PiperOrigin-RevId: 417621294
Change-Id: I78f582f088e21a498a6f988e79548ca869f10d00
diff --git a/tensorflow/lite/python/lite.py b/tensorflow/lite/python/lite.py
index c3a693a..f3431c1 100644
--- a/tensorflow/lite/python/lite.py
+++ b/tensorflow/lite/python/lite.py
@@ -939,6 +939,35 @@
graph=frozen_func.graph)
return graph_def
+ def _convert_from_saved_model(self, graph_def):
+ """Helper method that converts saved model.
+
+ Args:
+ graph_def: GraphDef object for the model, used only for stats.
+
+ Returns:
+ The converted TFLite model.
+ """
+ # Update conversion params with graph_def.
+ self._save_conversion_params_metric(graph_def)
+ # Get quantization options and do some sanity checks.
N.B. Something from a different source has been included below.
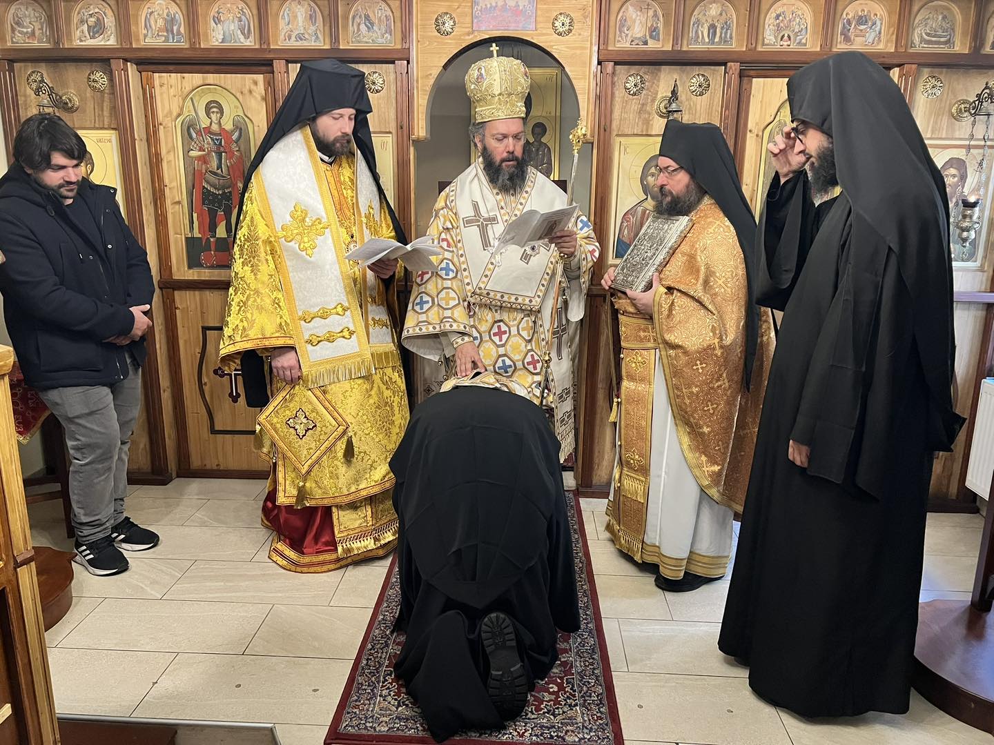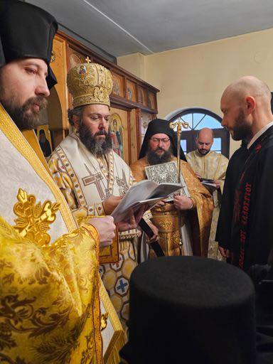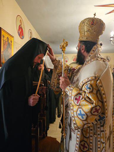 Am Sonntag, dem 29. Dezember 2024 zelebrierten Seine Eminenz Metropolit Arsenios von Austria und Bischof Maximos von Aristi im Kloster Schutz der Allerheiligsten Herrin, Gottesgebärerin und Immerjunfrau Maria und des Heiligen Paisios aus dem Berg Athos. Seine Eminenz stand der Erzbischöflichen Göttlichen Liturgie vor, begleitet vom Bischof Maximos und Mönchpriester Iakovos Giannopoulos. Nach dem Orthros legte der Novize Ruslan das Mönchsgelübde ab und erhielt vom Metropoliten den Namen Savvas.

+ quant_mode = QuantizationMode(
+ self.optimizations, self.target_spec, self.representative_dataset,
+ graph_def, self._experimental_disable_per_channel,
+ self._experimental_new_dynamic_range_quantizer,
+ self._experimental_low_bit_qat)
+ self._validate_inference_input_output_types(quant_mode)
+ converter_kwargs = {
+ "enable_tflite_resource_variables":
+ self.experimental_enable_resource_variables
+ }
+ converter_kwargs.update(self._get_base_converter_args())
+ converter_kwargs.update(quant_mode.converter_flags())
+
+ result = _convert_saved_model(**converter_kwargs)
+ return self._optimize_tflite_model(
+ result, quant_mode, quant_io=self.experimental_new_quantizer)
+
def convert(self, graph_def, input_tensors, output_tensors):
"""Converts a TensorFlow GraphDef based on instance variables.
@@ -1052,27 +1081,7 @@
_convert_debug_info_func(self._trackable_obj.graph_debug_info),
graph_def)
- # Update conversion params with graph_def.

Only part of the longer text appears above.